Enhance assignment of tasks to workers - Githubissues

openzim / zimfarm

Farm operated by bots to grow and harvest new zim files

https://farm.openzim.org

GNU General Public License v3.0

84 stars 25 forks source link

Enhance assignment of tasks to workers #909

Open benoit74 opened 10 months ago

benoit74 commented 10 months ago

As of today, workers can select which scrapers they want to run.

But at a central level, we have no control over which scrapers are allowed to run which scrapers, and this could be an issue for various reasons:

we want the task to be executed close to the server / on "approved" machines (e.g. mwoffliner tasks on mwoffliner machines)
the task cannot succeed if not executed on given machines (typically due to IP whitelisting)

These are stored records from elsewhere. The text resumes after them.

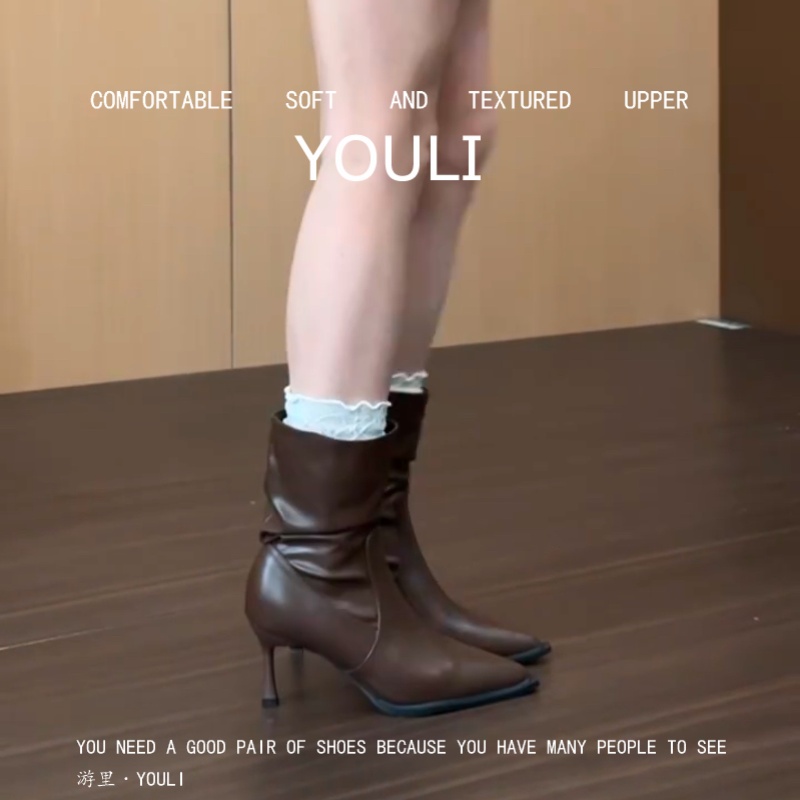 羊皮版~复古法式气质短靴女细跟尖头褶皱堆堆靴弹力瘦瘦靴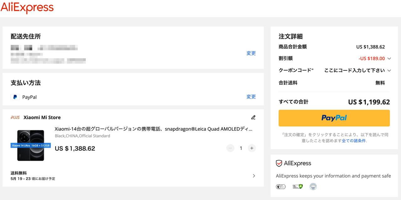 ▼[AliExpress]ストアクーポン適用で1199.62ドル!↓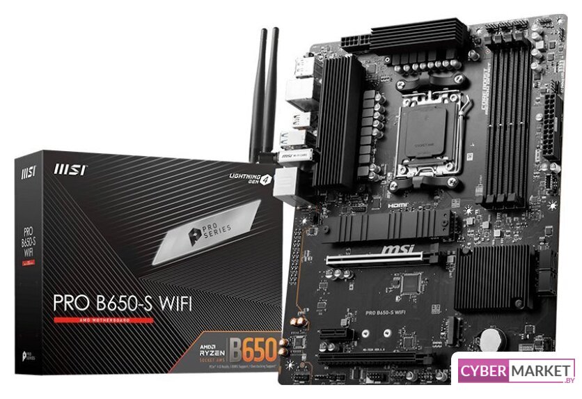 ATX, сокет AMD AM5, чипсет AMD B650, память 4xDDR5 до 7600 МГц, слоты: 2xPCIe x16 4.0, 2xPCIe x1, 2xM.2
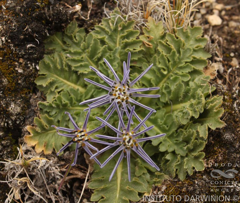 Hierbas acaules, de 1,5-12 cm de alto, glabras o levemente glanduloso-pubescentes, a veces formando matas por división de rizomas. Hojas inferiores ausentes a muy numerosas, dispuestas en roseta, sésiles o con corto pecíolo envainador y escarioso; láminas oblanceoladas u oblanceolado-espatuladas, de 0,5-4 × 0,3- 2,2 cm, atenuadas en la base, obtusas o semiagudas en el ápice, enteras, sinuadas a más o menos profundamente lobadas, partidas o liradas en el margen, con lóbulos ovados, agudos u obtusos, enteros o dentados, ciliados en el margen, glabras en ambas caras o glanduloso-pubescentes; hojas superiores 2-3, casi ocultas por las hojas inferiores, bracteiformes, lineares a lanceoladas. Capítulos solitarios, sésiles o sobre 1-5 escapos cortos. Involucro de 11-35 × 5-30 mm; filarios 3-6-seriados, cortamente mucronados en el ápice, escariosos en el margen, glabros o glanduloso-pubescentes en la parte superior, los externos, lanceolados a ovados, oblongos, o pandurados, a veces denticulado-espinosos en el ápice, los internos oblongo-lanceolados. Flores 8-40, corola azul, lilacina, rojiza o a veces blanca, amarillenta o castaña, las del margen con tubo de 6- 30 mm de largo, labio exterior de 5-12 mm de largo. Aquenios truncados o cortamente rostrados en el ápice, glabros o levemente glanduloso-pubescentes, a veces estrigosos, con tricomas dorados. Papus de 8-23 mm de largo, leonado.
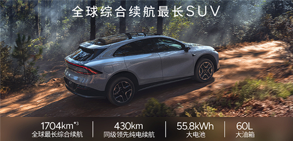 并将采用全域800V高压平台架构+5C超充大电池,配备55.8kWh电池组+60L大油箱,综合续航可达1704km,纯电续航430km,支持超快充,12分钟充电314km。
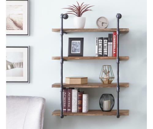 The pipe shelf is available in a stunning combination of walnut and black colors, allowing you to match it with any existing decor or create a striking contrast. This versatile color scheme adds a touch of elegance and sophistication to your space.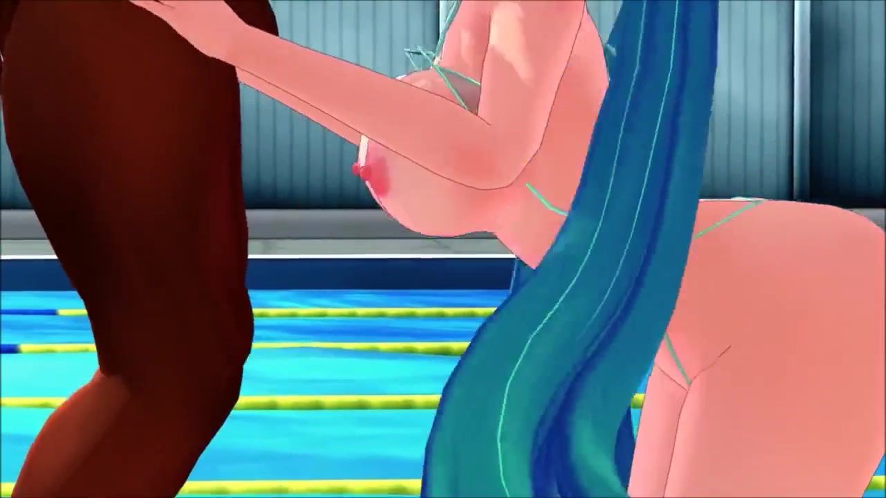 Young anime girl sucking muscled guys by the pool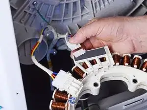 Вытащите статор из его слота на барабане и переверните его так, чтобы его задняя часть смотрела вверх.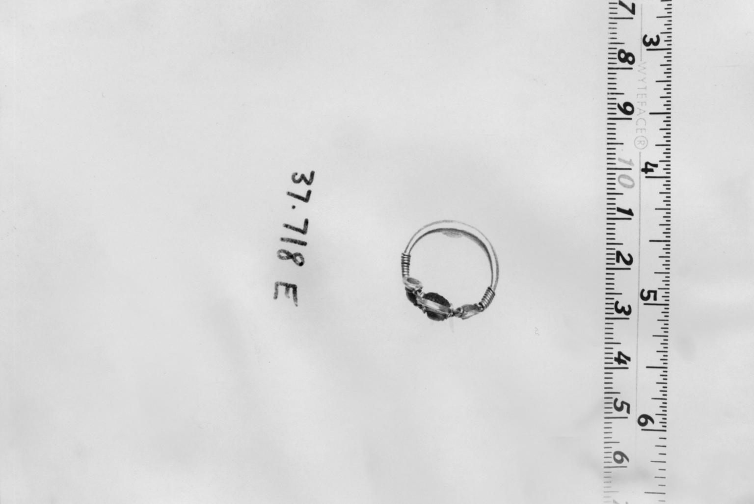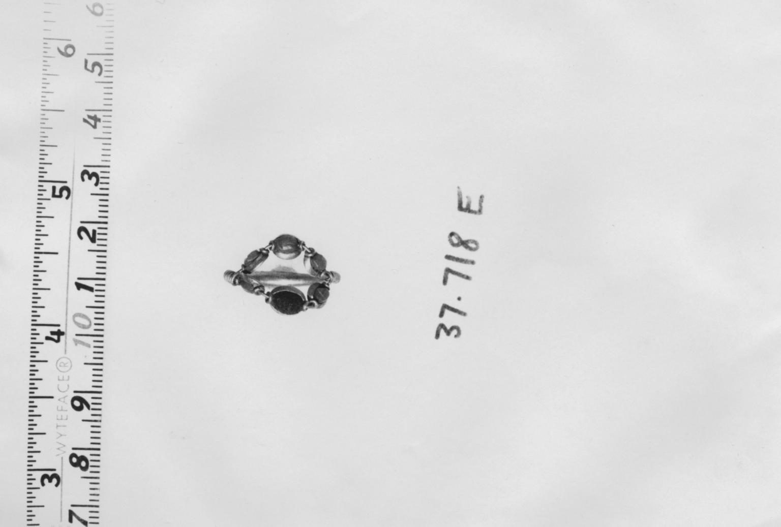 13/16 in. (2 cm) Other (Largest scarab): 1/8 x 1/4 x 1/4 in. (0.3 x 0.6 x 0.6 cm) The other scarabs all measured in gold mounts.: 3/16 x 3/16 x 3/16 in. (0.5 x 0.5 x 0.4 cm) Other (Inner diameter of ring): 11/16 in. (1.7 cm)

So, in addition to the platforms limitation, we probably also need to:

control on a central side which workers can run which scrapers (e.g. mwoffliner should run only on mwoffliner workers) ; maybe at the recipe level ; or with specific tags
control on a central side the affectation of some recipes to some worker(s) (e.g. for Zimit recipes of a Cloudflare protected website, we want the recipe to run on a single worker whose IP has been whitelisted)

kelson42 commented 8 months ago

It seems pretty important to umplement this ticket , for Wikimedia recipes (not all mwoffliner recipes) because only the mwoffliner workers have a privileged access to Wikimedia API (no quota).